Since we do still have the labels translated by i18n, we have something to work with. But, much of the time, there is no exact match from URL to label. And, the URLs can be changed by the proxy. So, I needed to find the closest match. That's where the Levenshtein formula came in clutch.

const closestLabelMatch = localizedTabs
  .map((tab) => {
    // The label is title case
    const formattedLabel = tab.label
      .toLowerCase()
      .replace(/\s+/g, '-')
      .replace(/[^\w-]+/g, '');

    // The second to last segment of the URL is what should match the label
    const pathSegments = decodeURI(location.pathname).split('/');
    const pathSegmentToMatch = pathSegments[pathSegments.length - 2];

    // Calculate similarity between strings
    const similarity = levenshteinDistance(
      formattedLabel,
      pathSegmentToMatch,
    );

    // Add the similarity calculation result to the tab object
    return {
      ...tab,
      similarity,
    };
  })
  .sort((a, b) => {
    // Sort the tabs by ascending distance
    return a.similarity - b.similarity;
  })[0].label;

// Finally we get the index for the active tab
const activeTab = localizedTabs.findIndex(({ label }) => {
  return label === closestLabelMatch;
});

This is where we use it to set the active tab.

<TabMenu
  labels={localizedTabs.map(({ label }) => label)}
  onTabChange={async (index) => {
    await navigate(encodeURI(localizedTabs[index].slug));
  }}
  sx={{
    'borderColor': 'background',
    'display': ['none', 'block'],
    'maxWidth': 825,
    ' button': {
      textTransform: 'capitalize',
    },
  }}
  // active tab [1, 2, 3, 4, etc.]
  tab={activeTab}
  tabColor="text"
  tabHeight={4}
/>

This works great for strings made up of latin characters like French, & Italian. But, we also have Japanese, Korean, & 2 variations of Chinese to account for. I had to update the formattedLabel because the regular expression being used to format the label was causing the non-Latin characters, such as the Japanese characters in "入場のご案内" to be blank.
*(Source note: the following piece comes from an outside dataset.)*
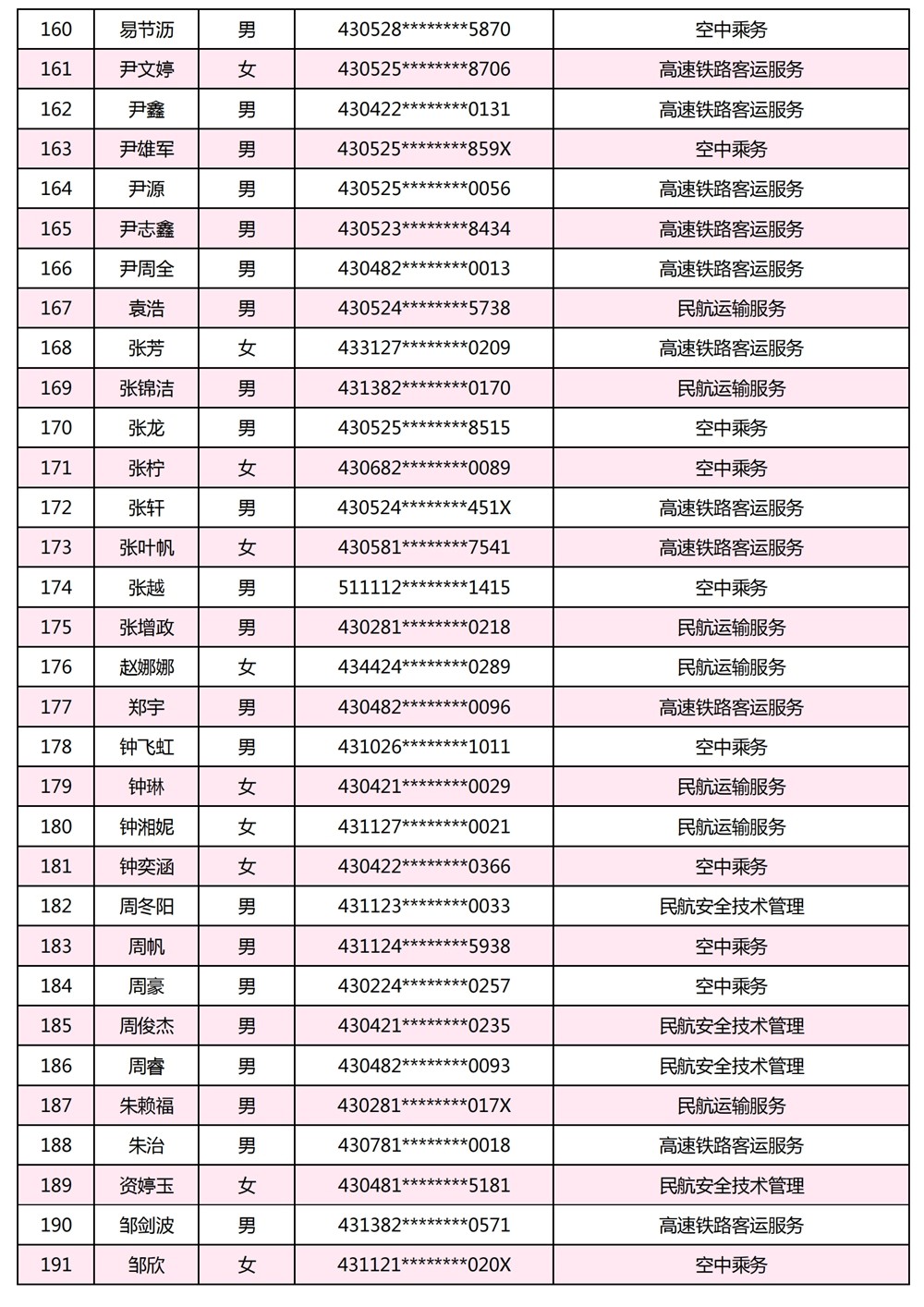 根據(jù)長沙南方職業(yè)學(xué)院2024年航空類提前批專業(yè)面試安排,截至7月1日18:00,航空提前批考生三批次面試合格入圍名單191人。具體名單公示如下,公示時間:2024年7月2日-7月8日。若對公示名單有異議,請?jiān)诠酒趦?nèi)以書面形式向?qū)W校招生就業(yè)處反映。

The regular expression in question, /[^\w-]+/g, matches any characters that are not word characters or hyphens and replaces them with an empty string. This did work for Latin characters, but did not work for non-Latin characters. Instead of using this regular expression, I modified the existing regular expression to allow for non-Latin characters. I used the Unicode character property \p{L} to match any Unicode letter character, which will match all letters from all scripts, including non-Latin scripts. Here's the updated regular expression that I used to allow for non-Latin characters:

const formattedLabel = tab.label
    .toLowerCase()
    .replace(/\s+/g, '-')
    .replace(/[^\p{L}\d-]+/gu, '');

This regular expression matches any characters that are not Unicode letter, digit, or hyphen characters, and replaces them with an empty string. The u flag at the end of the regular expression tells JavaScript to treat the regular expression as a Unicode regular expression. This regular expression should work for non-Latin characters, including Japanese characters.

In conclusion, the Levenshtein algorithm is a powerful tool for measuring the similarity between two strings. With this tool in your utility belt, you have a small but mighty addition that can make a big impact on your project. We can usually compare two strings for an exact match. But, in the rare case where you have to find the best match, & literally millions of dollars are on the line, thank goodness for math! Thank goodness for Levenshtein!